Ha anche presenziato alla partita di calcio femminile organizzata a Pavia per una raccolta fondi da destinare a Eitan, mentre gli zii paterni avevano scelto di restare a casa. La zia materna ha spiegato che hanno osservato la tradizionale settimana ebraica di lutto profondo, quindi hanno appreso a posteriori che Eitan era stato affidato alla zia Aya. «Tutto ciò è avvenuto in forma scorretta. È tenuto in ostaggio», la pesante denuncia.
“GUERRA” PER EITAN: “TUTTO MOLTO TRISTE”
Gli zii materni di Eitan Biran hanno dovuto presentare ricorso in tribunale per riuscire a visitarlo. È stato così deciso di fissare due visite a settimana, di due ore e mezzo. «Lui non capisce perché ci tratteniamo così poco e quando lo lasciamo scoppia in lacrime. Ci chiede se ha fatto qualcosa di male. Noi dobbiamo allora tranquillizzarlo, così come possiamo», ha proseguito Gali Peri. La scelta di Aya Biran di chiedere l’affidamento di Eitan lascia loro interdetti. Così come lo è anche Milo Hasbani, presidente della comunità ebraica di Milano, secondo cui «è tutto abbastanza triste». Inoltre, è contrario al trasferimento in Israele del bambino. «Non so che logica ci possa essere a portare il bambino in Israele, in un ambiente diverso».
Anche in virtù del fatto che ora è «ben inserito insieme alle due cugine e a una zia che gli sta vicino da quando è nato». Ma la sorella di Tal Peleg, la mamma di Eitan, è convinta delle sue ragioni, in quanto la sorella voleva dare al figlio una educazione ebraica e israeliana, che invece non ha dalla zia paterna. «La nostra sensazioneitane è che il bambino stia per essere staccato da noi».
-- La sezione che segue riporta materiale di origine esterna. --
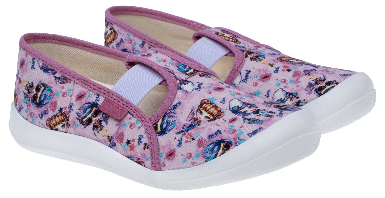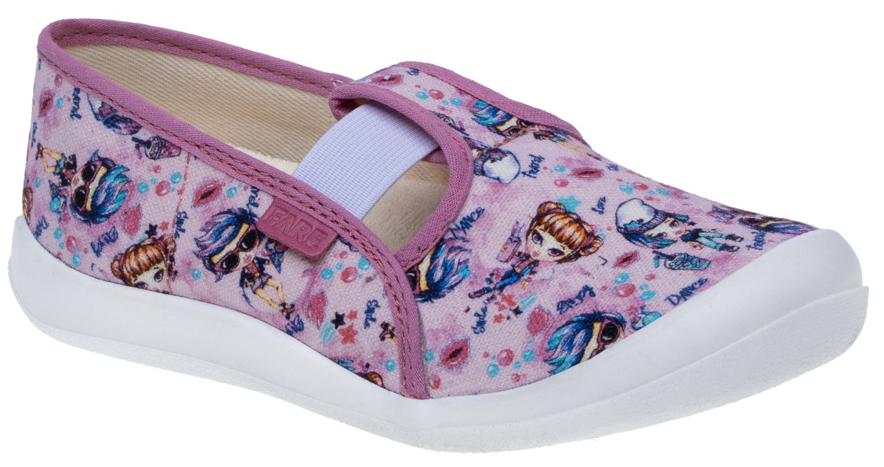 Podešev FARESOLE AMY poskytuje potřebnou oporu a odolnost při běžném používání. Zapínání na gumičku usnadňuje obouvání i zouvání a podporuje samostatnost dítěte při každodenním nošení.Low slippers from the brand FARE KLASIK.

“NON CI INTERESSANO INDENNIZZI”
La questione non è economica per la famiglia materna. «Non ci interessano eventuali indennizzi e comunque sarebbe Eitan a deciderne l’uso ai 18 anni», ha assicurato Gali Peri. Ma ora spetta al tribunale di Pavia trovare una soluzione a questa intricata vicenda. Eitan, comunque, nei giorni scorsi avrebbe dovuto incontrare in Italia la nonna materna Eti e la zia Aviv, ma l’incontro è stato annullato. Per lo zio la ragione è legata proprio a questo scontro a distanza tra le due famiglie.
«Si è trattato di una prima punizione da parte della zia Aya per aver portato la questione all’attenzione della stampa». Dichiarazioni peraltro rilasciate in conferenza stampa, a conferma dell’inizio di una “guerra” legale difficile da decifrare. L’unica cosa sicura è che Eitan potrebbe essere l’unico a uscirne ferito, visto che si ritrova conteso da due famiglie che così rischiano di arrecargli altro dolore dopo quello che si ritrova ad affrontare per la morte dei suoi genitori, della sorellina e dei bisnonni.